In May, 2013, Oakland’s City Council passed a resolution, sponsored by then-city council member, now Mayor Libby Schaaf, to substantially revise Oakland’s budget process. The idea was to add transparency, predictability and order to a process that has often been sporadic and incomprehensible. The new process significantly increased the role of Oakland’s Budget Advisory Committee, set a schedule, and required an orderly approach to public and City Counsel input.
The new process required that Council hold a “biannual” [sic] budget workshop in the fall preceding the budget adoption year, and that staff present a Five Year forecast, to be made widely and publicly available, no later than February 1. The budget workshop did not happen until January 28 of this year, and the Five Year forecast has not yet been seen.
But there is one requirement of the resolution where Oakland is ahead of schedule. For this one, the Budget Advisory Committee, not staff or City Council, were responsible. The resolution requires the following:
During the January – March period prior to Budget Adoption of a budget adoption year, the City Administrator should develop or secure a statistically valid survey for assessing the public’s concerns, needs and priorities. Whenever feasible, the City should conduct a professional poll administered to a statistically relevant and valid sample of residents that is representative of Oakland’s population . . . . If that’s [sic] not possible, then demographic information should be collected and reported out with the survey results.
Prior to release, the survey questions shall be submitted to the Budget Advisory Committee for review of bias, relevance, consistency in administration, inclusion of benchmark questions, and ability to assess concerns, needs and priorities. The survey instrument, method of dissemination and any instructions for administration shall be publicly available.
Although the “survey instrument, method of dissemination and . . .instructions for administration” were not publicly available, the poll did happen. A downloadable report (pdf) with the results is here. And here is what respondents said about their budget priorities:
Respondents were asked an open-ended question about the two most important issues facing Oakland residents that they would like to see prioritized in the City government budget. . . . Their most frequent answers related to crime and public safety, which over six in ten mentioned as either their first or second choice: crime/violence (20% first choice, 13% second), more police/funding/police issues (10% first choice, 6% second) and public safety (8% first choice, 5% second).
This table summarizes responses to the open-ended question:
Current Priorities for the City Budget
(Categories with 2% or More as First Choice)

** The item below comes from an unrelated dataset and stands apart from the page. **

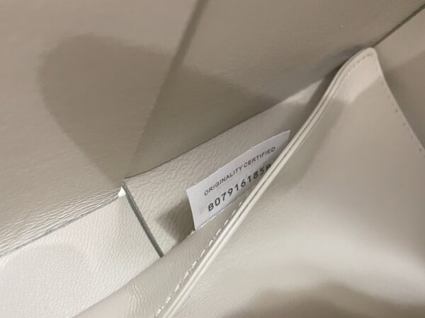부드러운 양가죽 소재로 제작된 이 토트백은 세련된 화이트 컬러가 돋보입니다.

In the upcoming two-year budget, what are the two most important issues facing Oakland residents that you would like to see prioritized in the City government budget?
Budget Priority | % first choice | % second choice |
Crime and safety | 38 | 24 |
Crime/violence | 20 | 13 |
More police funding / police issues | 10 | 6 |
Public safety | 10 | 5 |
Education / Public Schools | 8 | 5 |
Housing costs / affordability | 10 | 6 |
Street and sidewalk maintenance | 8 | 8 |
Jobs / Keeping business | 7 | 11 |
Youth activities | 3 | 3 |
Homelessness | 2 | 4 |
Public transportation / buses | 2 | 2 |
We are particularly impressed by the fact that these were spontaneous answers to open-ended questions, not a selection from choices. This is much more compelling than responses to multiple choice polling questions.
So the answer should be clear to the City Council, the Mayor, the City Administrator and the budget office: more than anything else, Oaklanders want to be safe. This priority should guide everything that happens during the budget process over the next four months.
And Make Oakland Better Now! will be there to deliver that message to the city, and to let you know how the process is going.
I don’t see why the fire dept couldn’t take some of the police calls if the police are swamped…I notice when traffic lights are out a policeman accompanys the repairman while he fixes the lights..Why couldn’t the nearest fire company take the place of the cop when needed???
Great idea! Firemen can chase drive-by perps in a hook-and-ladder and then hose them into submission!
Since most of the General Fund is already spent on OPD, looks like the Council has already met our priority requirements and the status quo can continue.
Yes – I do want to be safe – however crime is not the only danger. Wild lands fire reaching the city is a concern. Also I understand the city devotes zero of so called “discretionary funds” to maintaining roads. To me Zero is too little.